I think I might have a unpopular perspective but when I was incarcerated for 2 years 11 days it gave me a chance to get away from drugs for that period. Although the environment hardly supported addiction recovery, the high cost and irregular supply made drug use unsustainable. If I had made parole and gotten out after a year, I would have been right back into hard drugs. Allow me to add that I had a pretty much uninterrupted 30 or so year addiction to opiates.
Wow, I never thought about prisons as commitment devices for drug addicts. Thanks for sharing your experience.
Despite the usefulness of prison in your case, there is plenty of research showing that alternative means to incarceration are better for everybody (for the offenders and the taxpayers). For example, this paper shows a drop of 40% in recidivism for electronic monitoring instead of incarceration: http://www.nber.org/papers/w15602. Also, there is a lot of evidence from drug courts. This is one example: https://crimesolutions.gov/ProgramDetails.aspx?ID=70.

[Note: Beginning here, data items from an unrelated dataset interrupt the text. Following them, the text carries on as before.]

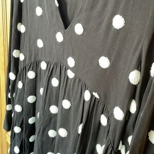 EUC black with fuzzy white polka dots midi dress with long sleeves and v neck. Very cute and unique piece!ruffle hem, soft acrylic and viscose blend.
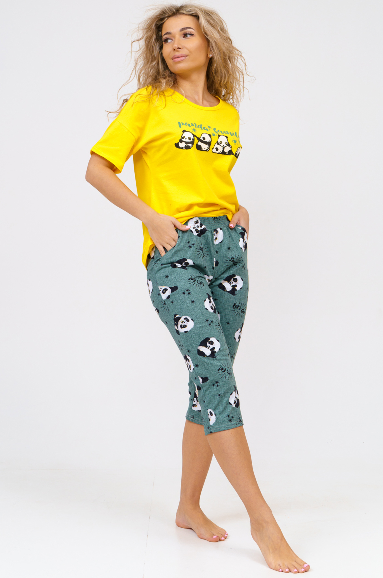 Очаровательная хлопковая пижама из кулирного полотна. Яркая футболка с печатью, повторяющей принт на бриджах. Бриджи с карманми, длина чуть ниже колен.
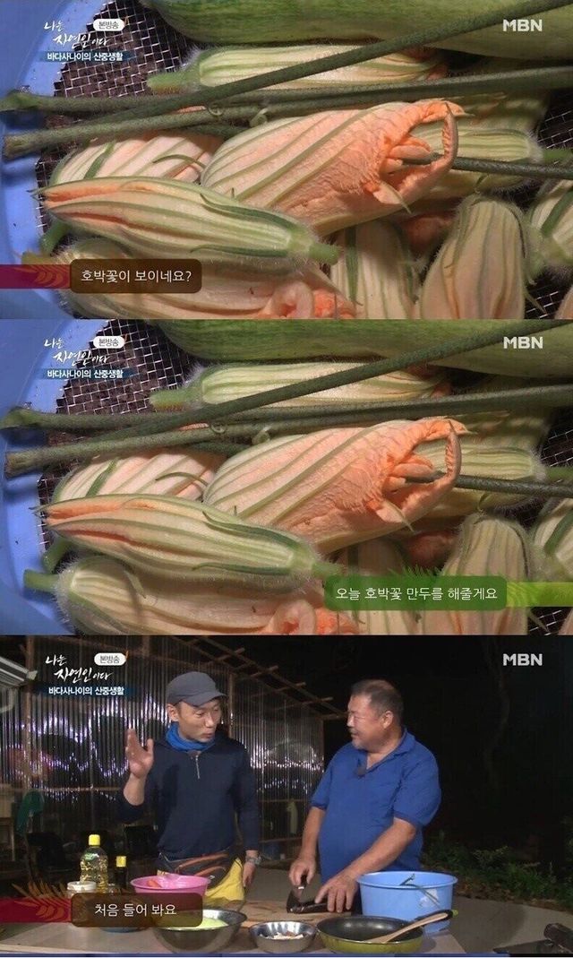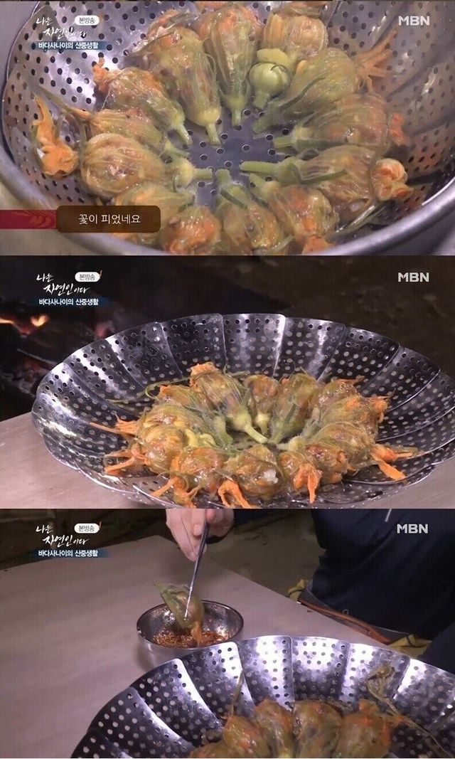 감자와 당근 등 야채와 전분가루가 버무려진 만두 속을 호박 꽃잎 안에 넣어 만두를 완성한 자연인은 흡족해했고, 이승윤도 “진짜 만두 같은데요?”라고 시식평을 전했다.
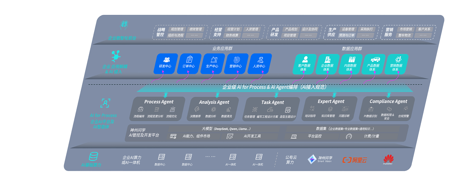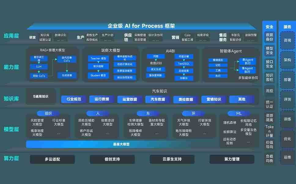 端到端的一站式AI工作空间深度融合了从企业战略规划到日常经营的全流程业务板块,,,,定向解决车企内部领域多、、、、部门多、、、链条长、、、、场景碎片化等难题,,,,支持车企快速构建以AI为核心的生产力写作体系,,实现任务执行与AI能力的无缝集成与交互
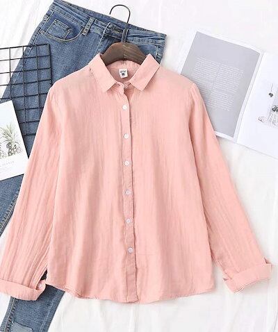 ダブルガーゼ シャツ ブラウス レディース ガーゼ 長袖 カシュクール 綿 長袖シャツ 折り襟 ボタン留め アウター ライトアウター 薄手 無地 カジュアルシャツ ゆったり トップス コットン シンプ | Jeannede ジャンヌデ

Good comment. I was going to say that while prison might work for some with addictions, it certainly does not teach them anything about staying away from drugs. In many cases recidivism is high because these people who remained sober for the duration of their sentence get out and fall right back into it within a few months. They might have trouble finding jobs due to a record, or maybe they were incarcerated long enough that they lost old, good connections or have bad ones they made while incarcerated. It might just be a matter of time until they fall back into usage as an escape mechanism.
There's just very many ways that going to prison hurts a person and very few ways that helps, and only for the right kind of people too (ex: longterm drug abuser with a lack of self control relinquishing his rights in this case).
I was fortunate enough to get into rehab after only two stints in jail, and have remained sober from heroin and cocaine for 10+ years. However during the time in jail for crimes related to my addiction the only thing on my mind the entire stay was, "can't wait to get out of here and get that first dose again".
It is especially hard to think about bettering yourself and getting help when you're around countless other people basically glorifying the problem from which you suffer.
>However during the time in jail for crimes related to my addiction the only thing on my mind the entire stay was, "can't wait to get out of here and get that first dose again".
Speaking to someone who had recently been released, he talked about people shooting up in the car two minutes after being released. Friends and sometimes even family members would be there to meet them at their release and would bring along drugs for them to consume at the first possible instant as some kind of "welcome back" present.
Well I imagine with this in place, you would get drug tested regularly, and if you fail those tests eventually you would actually go to jail since you would not be respecting what you need to do?